Financial markets head for (another) train crash as coronavirus starts to impact

China’s industrial heartland of Hubei (pop 59m) and its capital Wuhan (pop 11m) have now been locked down for nearly a month as a result of the coronavirus COVID-2019 epidemic.  In total, more than half of the population (760m) are subject to some form of residential lock down. Yet as with the subprime crisis in 2008, financial markets are in denial –  just a 0.1% decline in global GDP, says Goldman Sachs.

Yet China is the manufacturing capital of the world, its second largest economy, and the key player in global trade. And within China, some areas of the economy seem to be in freefall as Capital Economics charts – construction is 25% of GDP, but property sales are virtually zero, for example.

Nobody yet knows when the return to work after the Lunar New Year holiday will be complete. Last Wednesday, for example, national passenger traffic was down by 85% compared with the same day in 2019, according to Morgan Stanley. Understandably, the government is focused on avoiding a second outbreak, caused by infection carried by people returning home after the holiday.

Auto industry. Global auto sales have been in decline since 2018.  Without China, there would have been no growth in world auto sales since 2007. Now. China’s auto association reported last week:

“Massive short-term impact from COVID-2019 outbreak, Q1 output and sales to fall significantly, short-term consumption spurt expected once outbreak subsides, but full-year outlook remains pessimistic. Auto sales expected to fall more than 10% in H1.”

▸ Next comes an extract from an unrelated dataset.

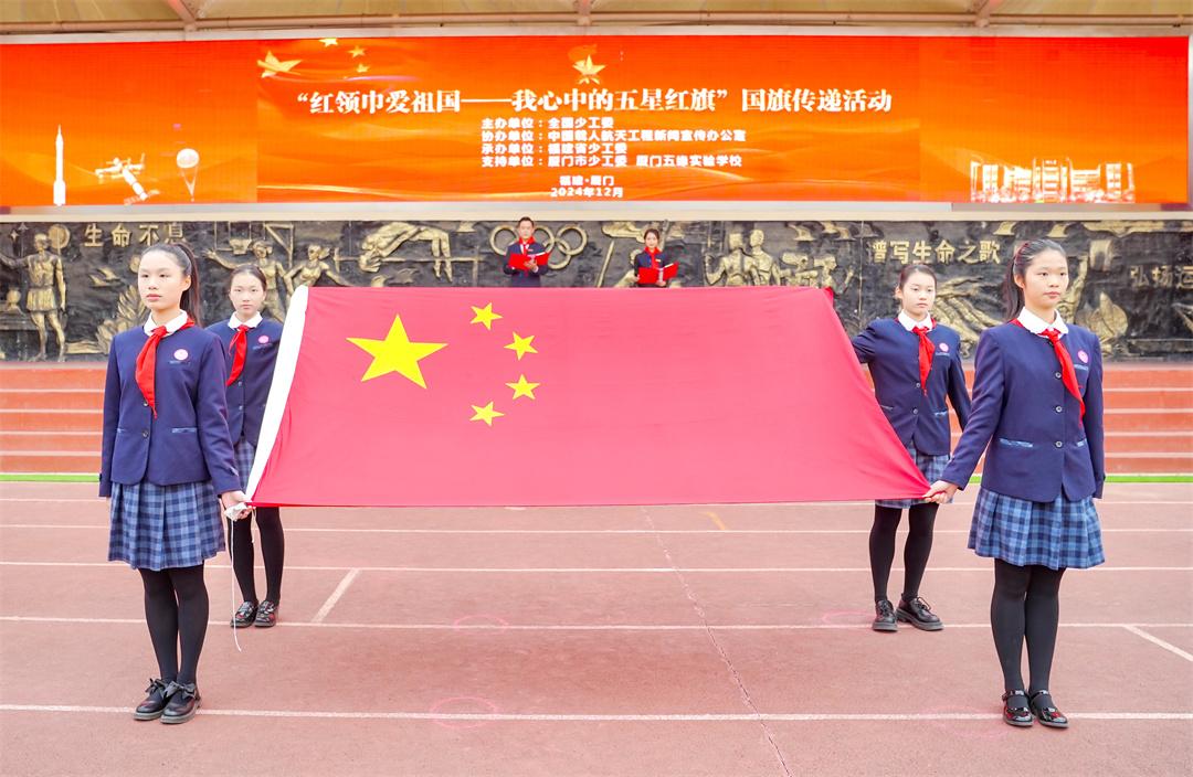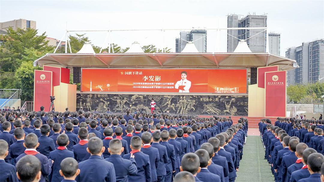 12月16日,“紅領(lǐng)巾愛(ài)祖國(guó)——我心中的五星紅旗”國(guó)旗傳遞活動(dòng)在福建省廈門市舉辦,共青團(tuán)省委副書(shū)記曾煥強(qiáng)、巴黎奧運(yùn)會(huì)男子舉重61公斤級(jí)冠軍李發(fā)彬出席活動(dòng),共青團(tuán)省委少年部、廈門市教育局德育處、共青團(tuán)廈門市委辦公室負(fù)責(zé)同志以及閩浙兩省少先隊(duì)工作者代表、廈門五緣實(shí)驗(yàn)學(xué)校師生代表共3000余人參加活動(dòng)。

The impact is across the market. Only 9% of China’s dealerships are currently open, due to contagion fears. Traffic jams in major cities such as Beijing are non-existent.  And coming round the corner is a major impact on China’s auto supply chains, which supply components all around the world as NBC note:

“The growing concern is what the epidemic might mean for the industry outside China. While China ships relatively few vehicles abroad, it exports about $70bn worth of car parts and accessories globally, with roughly 20% going to the U.S. The list covers everything from steering wheels to shock absorbers, d:own to literal nuts and bolts, washers, springs and copper rivets. Most of that comes in the form of aftermarket parts and accessories”.

Global supply chains. Japan’s Fukushima disaster in March 2011 provides an example of the potential risks

  • One of its key impacts was to close the Renesas Electronics factory in Naka, which made 40% of the microcontrollers used in cars. Most cars use at least 50 of these, with luxury models using up to 100 to power windows, move seats etc.
  • On a one-off basis, global automakers were able to urgently develop a new source of supply, and avoid shutting down auto production lines around the world.
  • We cannot yet know the wider impact from China’s lockdown, but the FT’s chart shows the scale of the issue
  • Every global supply chain linked to China is potentially now being impacted as auto factories are retooled to supply masks, and trucks are diverted to supply food to the quarantined population.

A wide range of indicators confirms that the ripples are already spreading outwards from China to the global economy.

Energy markets.  Shipping rates are the lowest ever seen on the Capesize Index, as trade flows to/from China seize up.  LNG prices have similarly collapsed, in some case below freight costs as producers have to offload cargoes at any price. Reuters reports that China’s oil storage is near all-time highs, with “numerous VLCCs capable of holding more than 2mb of crude each, unable to unload at China’s top crude import terminal of Qingdao”.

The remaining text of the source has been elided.